• Task statement: Only the lines from the beginning of the entries through the one with "Satuan Reserse Narkotika" should be written out, please, exactly and without any pictures.

Recorded data:
*-*-*

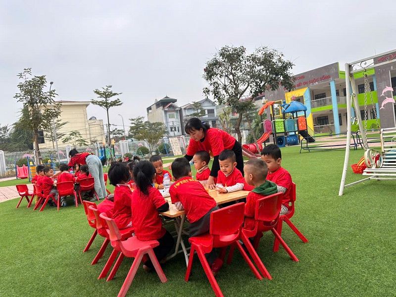 Trẻ tham gia tích cực, hứng thú với các hoạt động; cô giáo gần gũi, ân cần, biết động viên, khuyến khích trẻ kịp thời. Môi trường lớp học gọn gàng, an toàn, đồ dùng – đồ chơi được sử dụng hiệu quả.
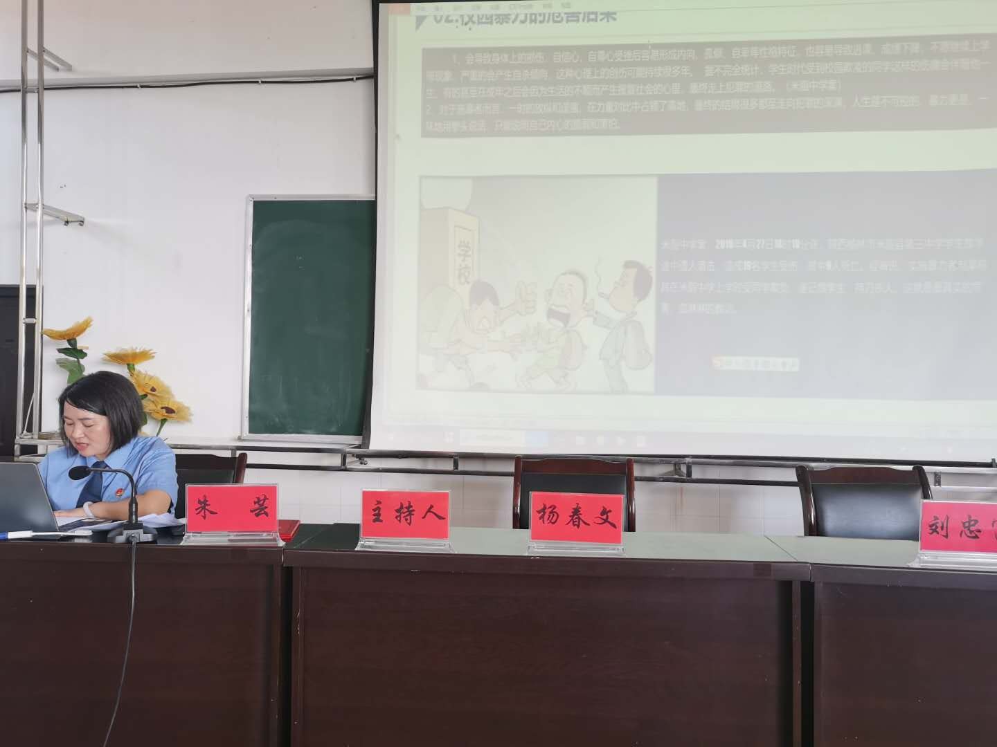 朱芸结合学生实际,应用多媒体教学设备,利用校园中实际发生的暴力案件,以案释法,以法论事,系统分析讲解了校园暴力的定义、种类、产生原因、危害、预防和控制六大要素。告诉学生在相应年龄阶段应该承担的法律责任,如何提高自身的法律意识、做好自身安全防范。告诫同学们增强法制观念,从他人的校园违法事例中吸取教训并引以为戒,用正确的方法和途径解决发生的矛盾和问题。
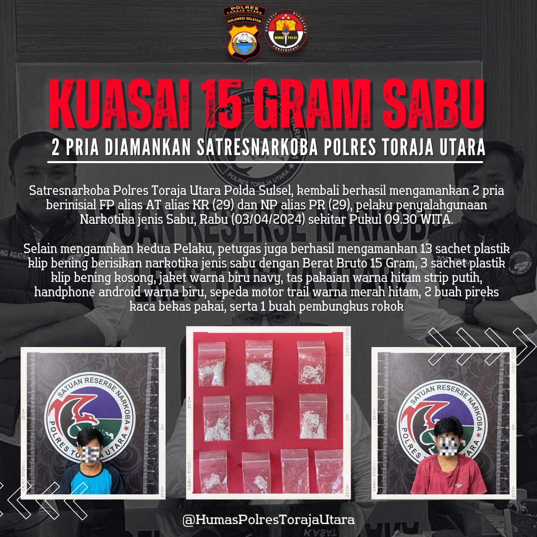 Satuan Reserse Narkotika dan Obat Berbahaya (Satresnarkoba) Polres Toraja Utara Polda Sulsel, kembali berhasil mengamankan 2 pria pelaku penyalahgunaan Narkotika jenis Sabu, Rabu (03/04/2024) sekitar Pukul 09.30 WITA.
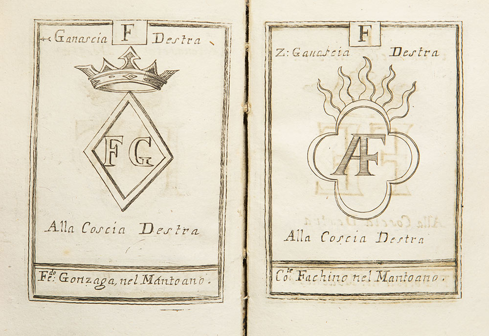 Grandi, Giacomo di Merchi delle razze de' cavalli, che presentemente si trovano in essere cosi nello Stato Veneto, come nella Lombardia, ed in parte della Romagna Venezia, Antonio Polidoro a S. Soffia, 1729. In 8°. Antiporta incisa in rame con le armi del dedicatario dell’opera, 6 carte di testo incise inquadrate da triplice filetto, seguono 94 carte con marchi di cavalli incisi in rame recto/verso, alcuni fascicoli lenti, legatura posteriore in cartonato, difetti. Ex libris manoscritto al recto dell’antiporta di “Antonij comitis de Wolkensteni”. EDIZIONE MOLTO RARA. Nell’opera vengono raffigurati circa duecento marchi di razze in ordine alfabetico, aggiungendovi per ciascuna l’indicazione dell‘ubicazione e del nome dei proprietari (famiglie nobili quali i Giustiniani, Gonzaga, Pisiani, Priuli e Grimani), nonché della parte anatomica dell’animale che veniva marcata. Come indicato dall’autore nella prefazione, l’opera si basa sul manuale di Anania Zen pubblicato nel 1658. La rarità dell’opera è data dal fatto che fosse un manuale d’uso.
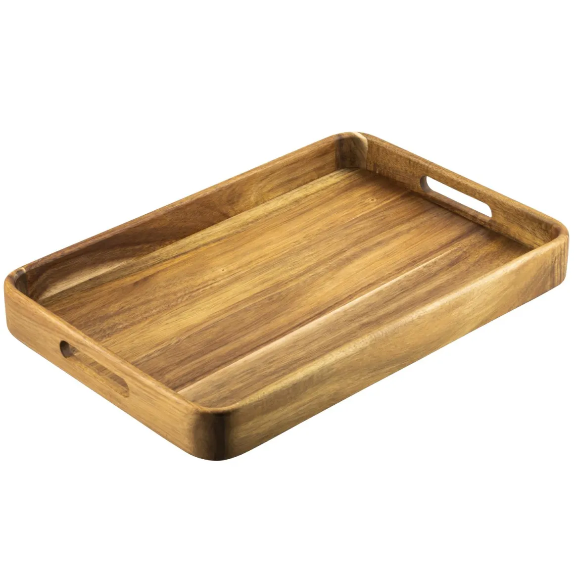 Serveringsbrett i akasietre som gjør seg lekkert på bordet. Gjør seg vel så lekker til å stå fremme som pynt og til oppbevaring på kjøkkenbenken.
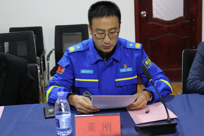 即墨蓝天救援队队长董刚主持会议并讲话,对与会领导和蓝鲸体育宣讲团成员表示热烈地欢迎,并对即墨蓝天救援队工作开展情况做简要汇报。
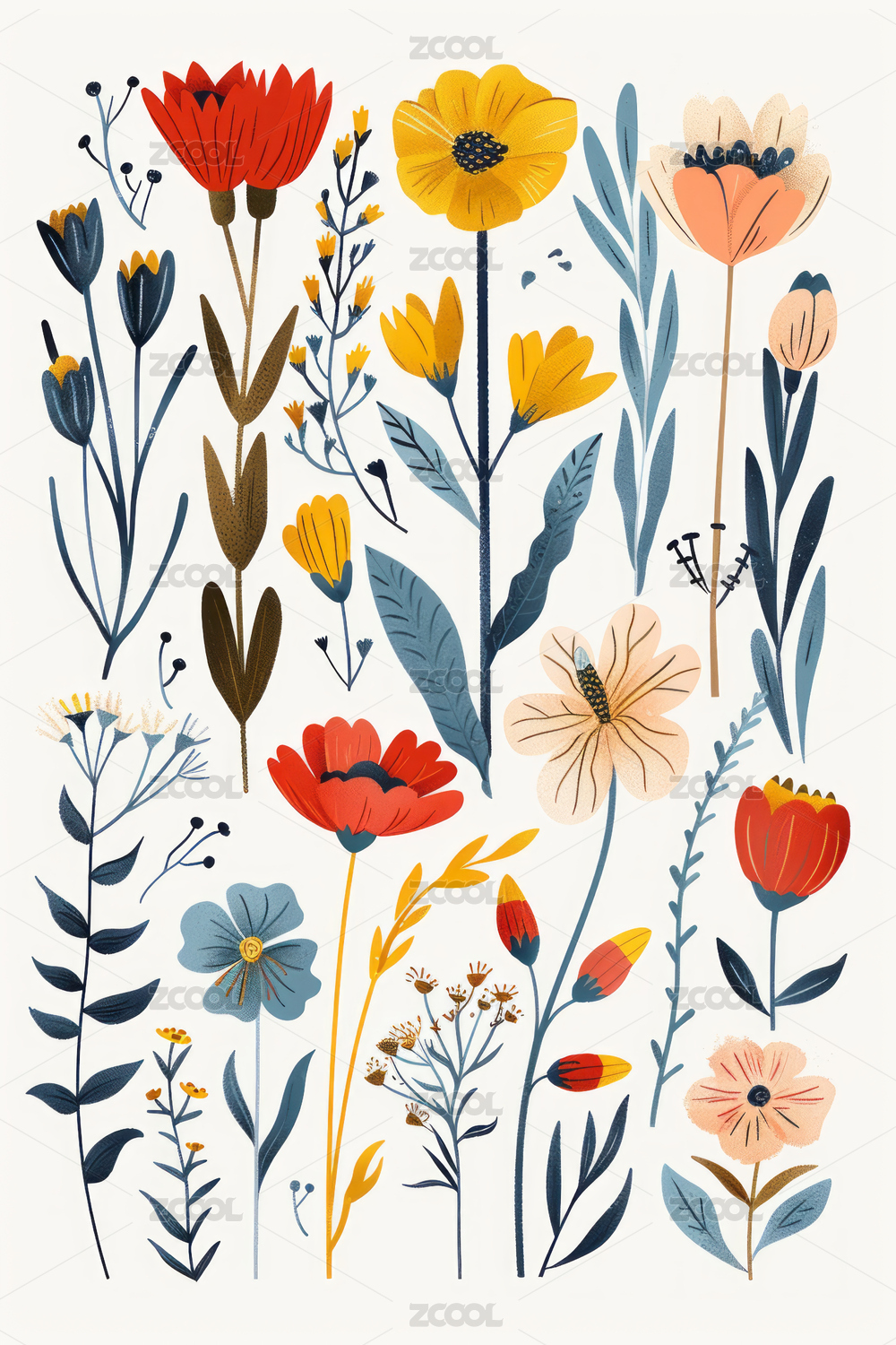 数码复古彩色梦幻花朵装饰抽象海报背景
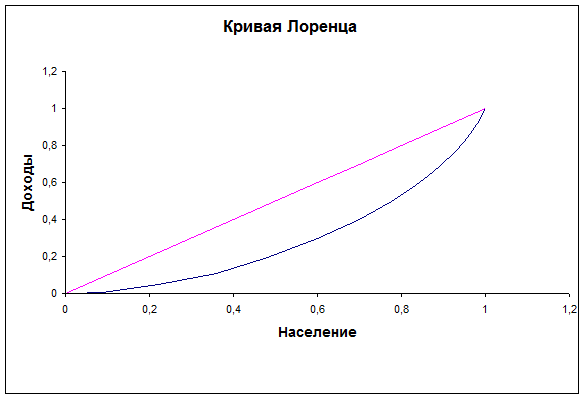 К числу наиболее распространенных индикаторов дифференциации доходов относятся также коэффициент концентрации доходов (индекс Джини) и кривая Лоренца (см. рис1), позволяющие судить о степени удаления от состояния равенства в распределении доходов. Расчет индекса Джини связан с кривой Лоренца.
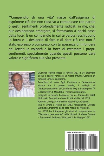 "*Compendio di una vita* nasce dall'esigenza di esprimere ciò che non riuscivo a comunicare con parole o gesti: sentimenti profondamente radicati in me, che, pur desiderando emergere, si fermavano a pochi passi dalla luce. È un compendio in cui le parole racchiudono la forza e il desiderio di fare e di dare ciò che non è stato espresso o compreso, con la speranza di infondere nei lettori la volontà e la forza di esternare i propri sentimenti, specialmente quando questi possono dare valore e significato alla vita presente. Questo progetto, frutto di una vita intera, mira a offrire al lettore una visione diversa della mia esistenza e, allo stesso tempo, della propria."
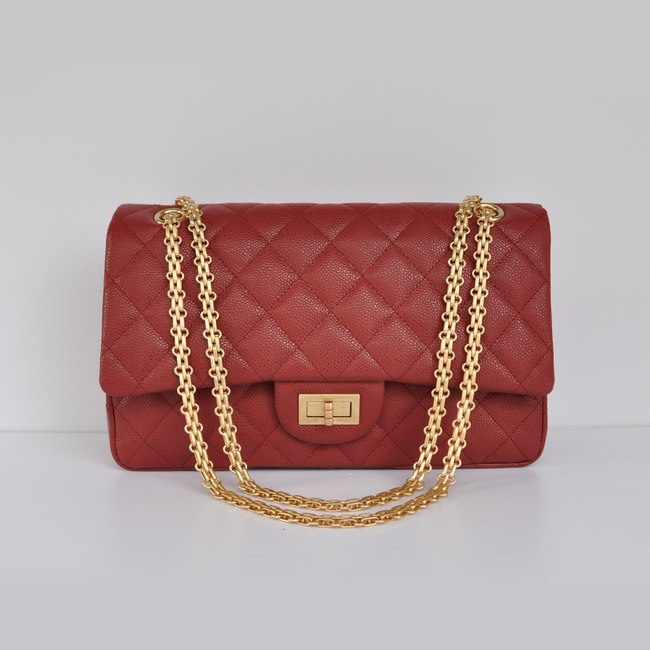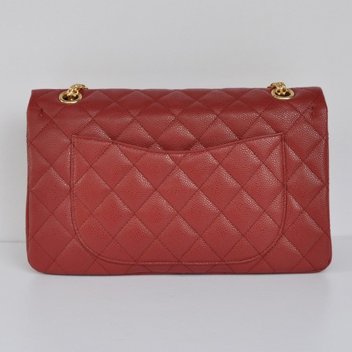 Chanel Classic Falp Bag Caviar Leather A28668 in Red with Gold Chain

*-*-*

• Problem solution:
 Trẻ tham gia tích cực, hứng thú với các hoạt động; cô giáo gần gũi, ân cần, biết động viên, khuyến khích trẻ kịp thời. Môi trường lớp học gọn gàng, an toàn, đồ dùng – đồ chơi được sử dụng hiệu quả.
 朱芸结合学生实际,应用多媒体教学设备,利用校园中实际发生的暴力案件,以案释法,以法论事,系统分析讲解了校园暴力的定义、种类、产生原因、危害、预防和控制六大要素。告诉学生在相应年龄阶段应该承担的法律责任,如何提高自身的法律意识、做好自身安全防范。告诫同学们增强法制观念,从他人的校园违法事例中吸取教训并引以为戒,用正确的方法和途径解决发生的矛盾和问题。
 Satuan Reserse Narkotika dan Obat Berbahaya (Satresnarkoba) Polres Toraja Utara Polda Sulsel, kembali berhasil mengamankan 2 pria pelaku penyalahgunaan Narkotika jenis Sabu, Rabu (03/04/2024) sekitar Pukul 09.30 WITA.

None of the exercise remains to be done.